Department of Epidemiology and Biostatistics, School of Public Health, College of Medicine and Health Sciences, Bahir Dar University, Bahir Dar, Ethiopia.
Amhara Public Health Institute, Bahir Dar, Ethiopia.
Front Public Health. 2024 May 2;12:1330205. doi: 10.3389/fpubh.2024.1330205. eCollection 2024.
Measles, though usually self-limiting, can have severe consequences influenced by factors such as vaccination and nutrition, notably vitamin A deficiency and malnutrition. Despite progress, contextual changes and implementation issues have hampered efforts, resulting in increased outbreaks and cases of measles. This study seeks to pinpoint outbreak features, risk factors, and strategies for preventing and controlling measles.
A descriptive cross-sectional study and a 1:2 unmatched case-control study design were employed. All 101 suspected measles cases listed on the line-list were included in the descriptive research, with 60 measles patients and 120 controls included in the case-control investigation. Line-list data were cleaned and analyzed using a pivot table in Microsoft Excel 2016. Subsequently, the data were cleaned, entered into Epi Info 7.2, and exported to SPSS 26 for analysis.
Twenty cases occurred per 10,000 individuals. Men accounted for 67.3% of cases, with ages ranging from 5 months to 45 years and mean and standard deviations of 9.6 and 7.6, respectively. Age group of 5-14 years comprised 57.4% of cases, followed by 1-4 years with 24.8%. Being unvaccinated against measles showed an adjusted odds ratio (AOR) of 12.06 (95% CI: 3.12-46.52). Travel history to regions with active cases had an AOR of 5.73 (95% CI: 1.78-18.38). Contact with a measles patient showed an AOR of 10.3 (95% CI: 3.48-30.5).

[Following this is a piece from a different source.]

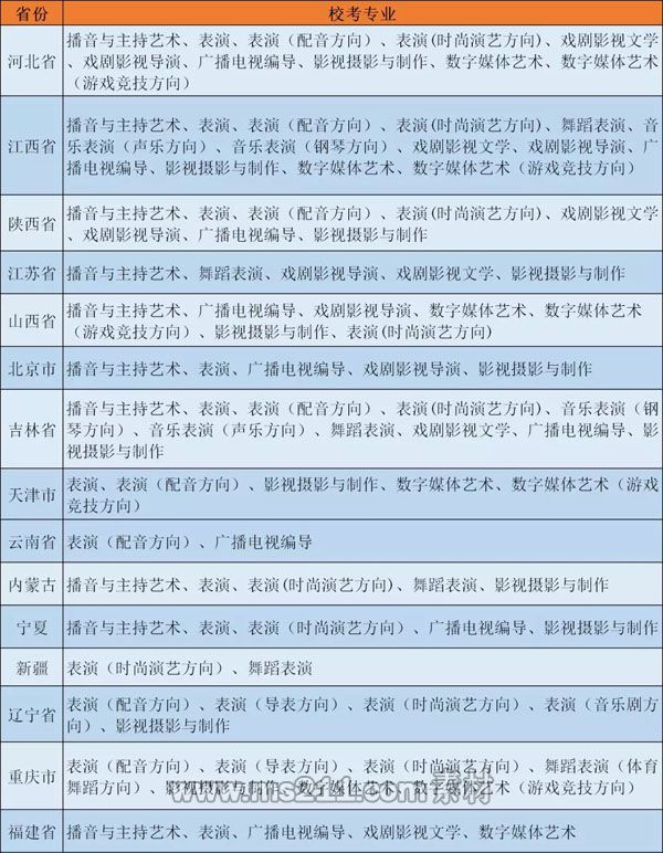 ?、俦硌荨⒈硌?配音方向)、 表演(時尚演藝方向)、表演(導表方向)、表演(音樂劇方向)、音樂表演、舞蹈表演(本科)、舞蹈表演(體育舞蹈方向)專業(yè):

Understanding the measles transmission mechanism had an AOR of 0.164 (95% CI: 0.049-0.55), and awareness of the disease's preventability had an AOR of 0.233 (95% CI: 0.67-0.811). All factors were independently associated with the illness.
This outbreak affected a broader age range with a high attack rate, mainly in the age group of 5-14-years. Over 35% of cases lacked measles vaccination, indicating low administrative vaccine coverage. Factors contributing to the outbreak include lack of measles vaccination, travel to areas with active disease, contact with cases, and insufficient knowledge of measles transmission and prevention strategies among mothers and caregivers.
麻疹虽然通常是自限性的,但可能会因疫苗接种和营养等因素(如维生素 A 缺乏和营养不良)而产生严重后果。尽管取得了进展,但由于背景变化和实施问题,麻疹的爆发和病例有所增加。本研究旨在确定麻疹爆发的特征、风险因素以及预防和控制麻疹的策略。
采用描述性横断面研究和 1:2 配对病例对照研究设计。描述性研究纳入了名单上列出的 101 例疑似麻疹病例,病例对照研究纳入了 60 例麻疹患者和 120 例对照。使用 Microsoft Excel 2016 中的数据透视表对名单数据进行清洗和分析。随后,将数据清洗后输入 Epi Info 7.2,并导出到 SPSS 26 进行分析。
每 10000 人中有 20 例病例。男性占病例的 67.3%,年龄为 5 个月至 45 岁,平均值和标准差分别为 9.6 和 7.6。5-14 岁年龄组占病例的 57.4%,其次是 1-4 岁年龄组,占 24.8%。麻疹未接种疫苗的调整优势比(AOR)为 12.06(95%可信区间:3.12-46.52)。有麻疹发病地区旅行史的 AOR 为 5.73(95%可信区间:1.78-18.38)。与麻疹患者接触的 AOR 为 10.3(95%可信区间:3.48-30.5)。了解麻疹传播机制的 AOR 为 0.164(95%可信区间:0.049-0.55),了解麻疹可预防的 AOR 为 0.233(95%可信区间:0.67-0.811)。所有因素均与疾病独立相关。
此次麻疹爆发涉及更广泛的年龄范围,发病率较高,主要集中在 5-14 岁年龄组。超过 35%的病例未接种麻疹疫苗,表明行政疫苗覆盖率较低。导致此次爆发的因素包括麻疹疫苗接种不足、前往疾病活跃地区旅行、与病例接触以及母亲和护理人员对麻疹传播和预防策略的了解不足。